Good Housekeeping upping trim size, trimming rate base
Trimming the rate base is expected to help the publisher do away with low-performing newsstand locations and offers that produce low renewals.
“We wanted to be able to control our distribution and our number of copies on the newsstand and, at the same time, bring up newsstand prices and subscription prices,” said Pat Haegele, SVP and publisher of Good Housekeeping. “The newsstand cover price is going from $2.50 to $3.49, and with the subscription prices the first step is to eliminate any field that produces low renewals. We have long-term renewals that are quite good, so we want to secure those first and eliminate any others.”
Baby boomers are the primary target for Good Housekeeping, but slightly younger women, or “trailing boomers,” also are also being targeted now.

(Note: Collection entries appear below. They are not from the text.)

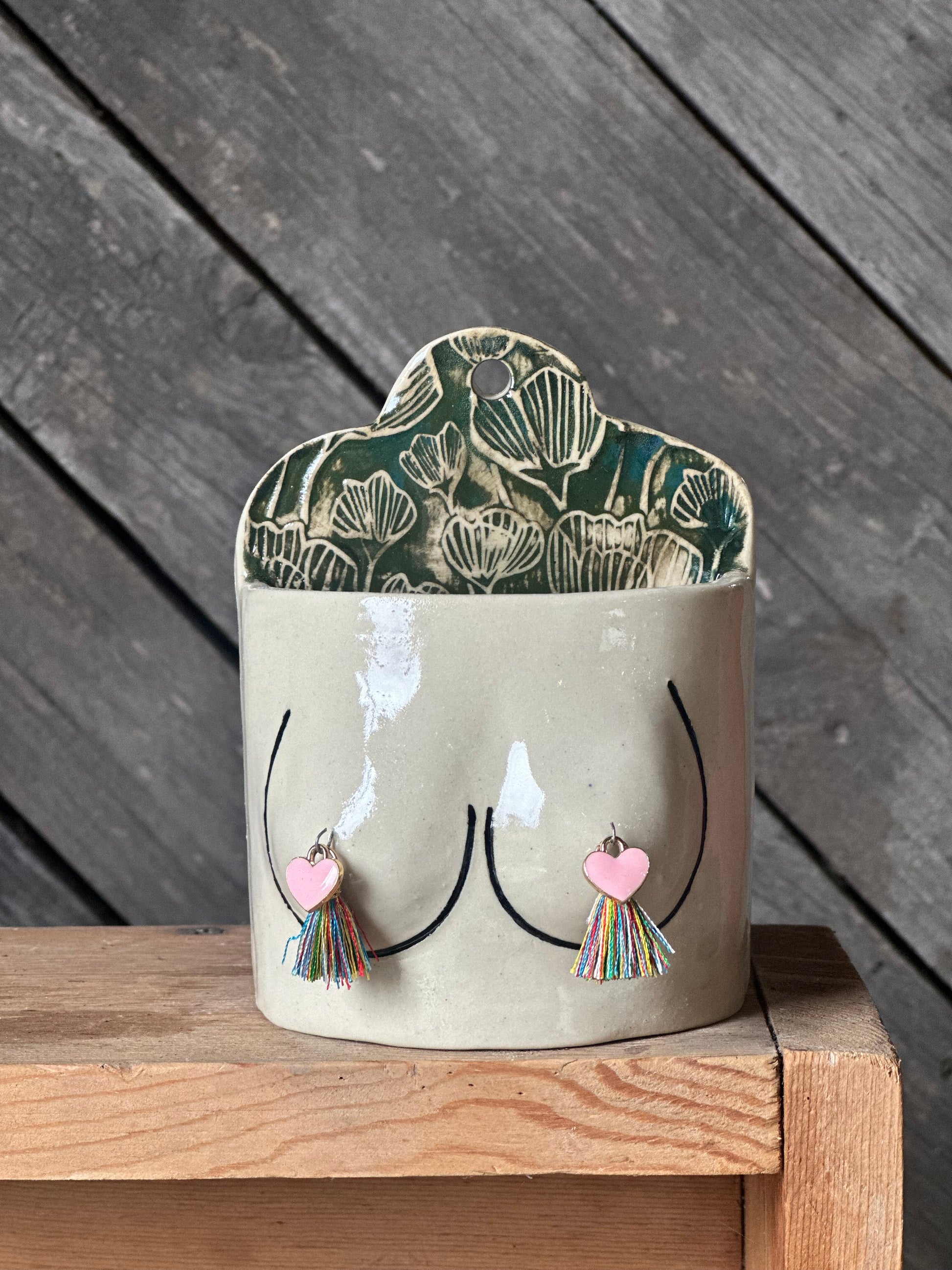 Ceramic Boob Planter/Vase with swappable tassels
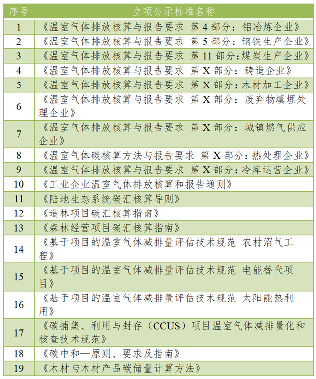 國家市場監(jiān)督管理總局對《溫室氣體排放核算與報告要求 第4部分:鋁冶煉企業(yè)》等10項溫室氣體碳核算標準,《陸地生態(tài)系統(tǒng)碳匯核算導則》等3項碳匯核算標準,《基于項目的溫室氣體減排量評估技術規(guī)范 農村沼氣工程》等4項碳減排標準,以及《碳中和—原則、要求及指南》《木材與木材產品碳儲量計算方法》等標準進行立項公示。具體見下表。
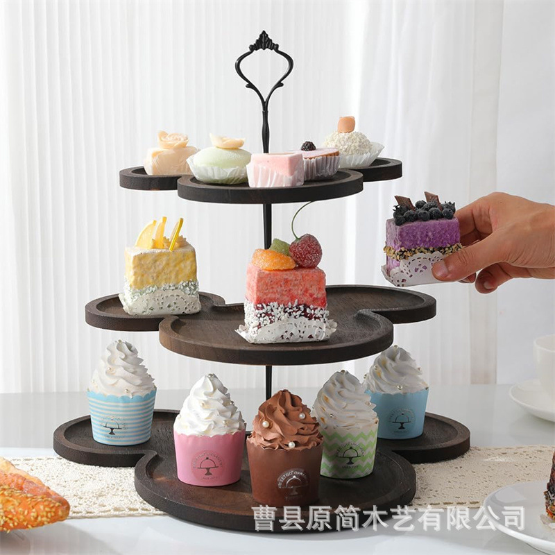 木製の棚ケーキ棚の下のお茶のテーブルの層式のトレーのデザートの紙コップのケーキの塔の実木の展示棚
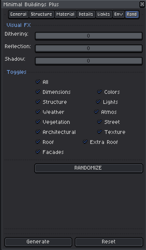 - Selective Randomization: Turn OFF specific options you want to keep consistent (like façade, colors, roof type, vegetation…) while randomizing others
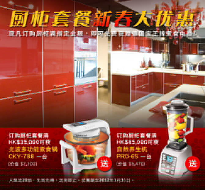 为庆祝新一年来临,德国宝呈献新春大优惠,购买厨柜套餐满指定金额,即送德国宝王牌煮食电器,限送20部,送完即止。优惠期由即日起至2012年1月31日,万勿错过!
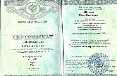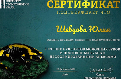 ООО "Институт стоматологии Урала", программа повышения квалификации "Лечение кариеса, пульпитов и периодонтитов"
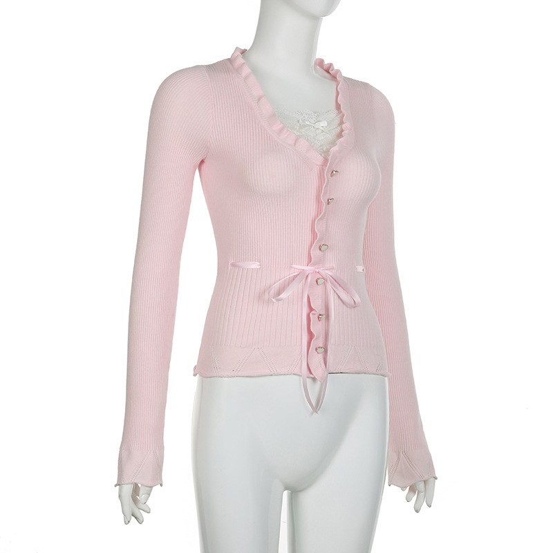 부드럽고 달콤한 스타일의 레이스 스플라이싱 스트랩 가짜 투피스 긴팔 티셔츠 핑크 소녀 다용도 레이스 니트 탑스토어 가기
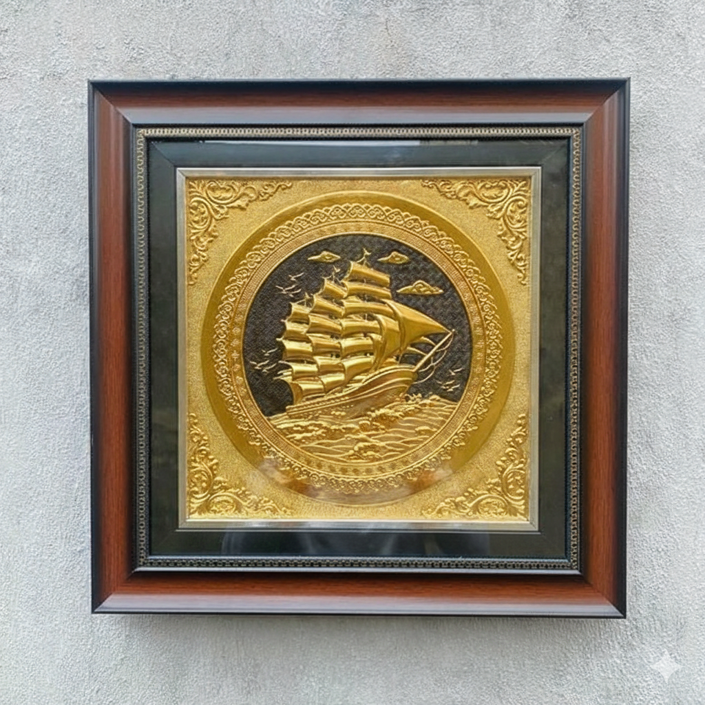 Tranh Thuận Buồm Xuôi Gió Bằng Đồng Dát Vàng KT 42*42cm
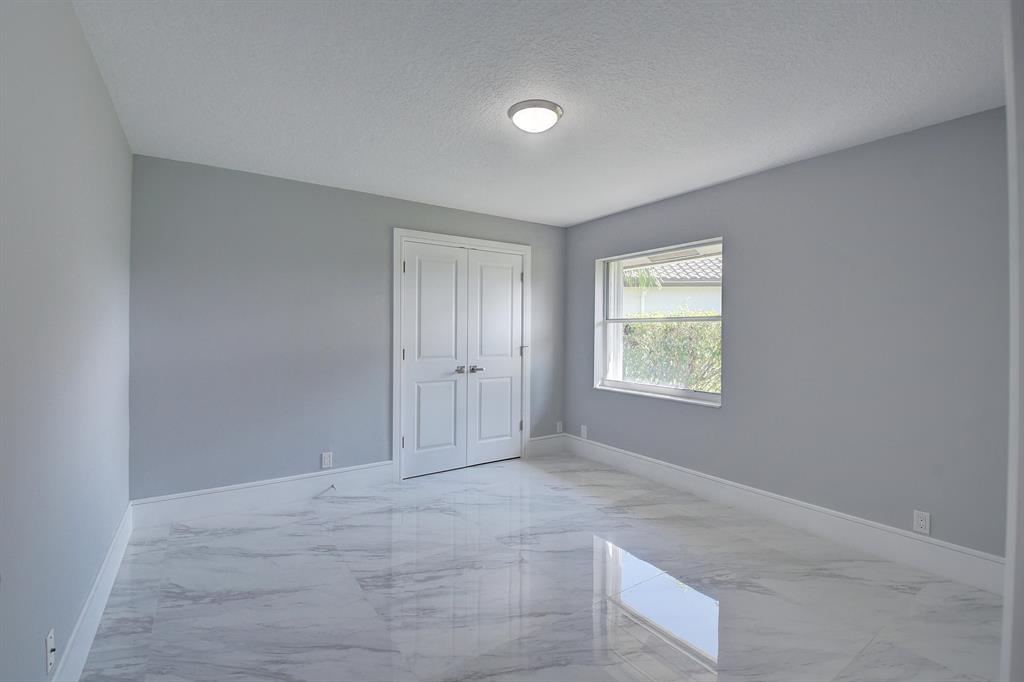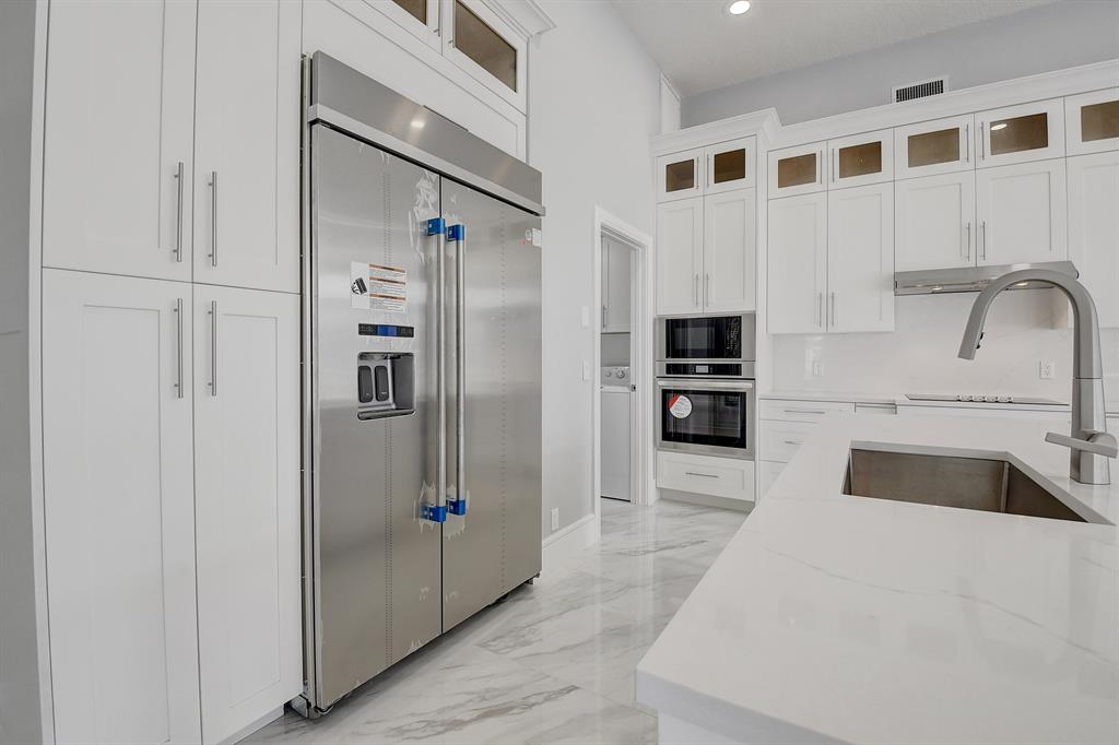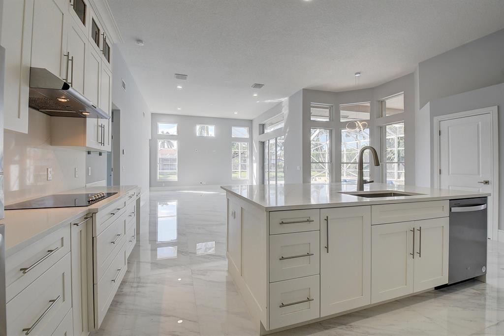Why wait to build....Welcome to this totally renovated home in Boca Isles South. This amazing Grand Cayman model with 4 bedrooms and 3 full baths is spectacular and is located on a cul-de-sac lot. Every detail is exquisite. Amazing custom double entry doors. Porcelain tile throughout the entire house. New 2022 roof, freshly painted interior and exterior, fabulous bathrooms, formal living, and dining rooms. Custom designed kitchen featuring an oversized island which seats 6 very comfortably and additional seating in the breakfast area. The kitchen has Quartz countertops, white shaker cabinets which are all soft closing, top of the line stainless steel appliances and 2 built in pantries. Perfect for entertaining as you overlook the family room. The primary suite with beautiful pool and lake

The median reader age is 51.5, and median household income is $59,942, according to MRI.
The women's magazine, which is celebrating its 125th anniversary next year, is getting a facelift in the form of a 10% trim size increase, effective with the January issue. The larger format is intended to show off enhanced visuals and easier navigation. Also new to the magazine will be the Green Good Housekeeping Seal, an eco-conscious extension of the 100-year-old Good Housekeeping Seal.
Haegele said that adding the Good Housekeeping Seal to the magazine's marketing collateral this year resulted in a 4% lift on direct mail campaigns.
The Green Seal will be tested in future campaigns as Good Housekeeping pushes toward its goal of being the number one women's service magazine in terms of market share and ad pages. Currently, it is the second-largest circulation women's monthly, falling behind Meredith's Better Homes and Gardens, which has a rate base of 7.6 million. Other rivals in the space include Redbook, Ladies' Home Journal, Woman's Day, Family Circle, Real Simple, O, The Oprah Magazine, and Martha Stewart Living.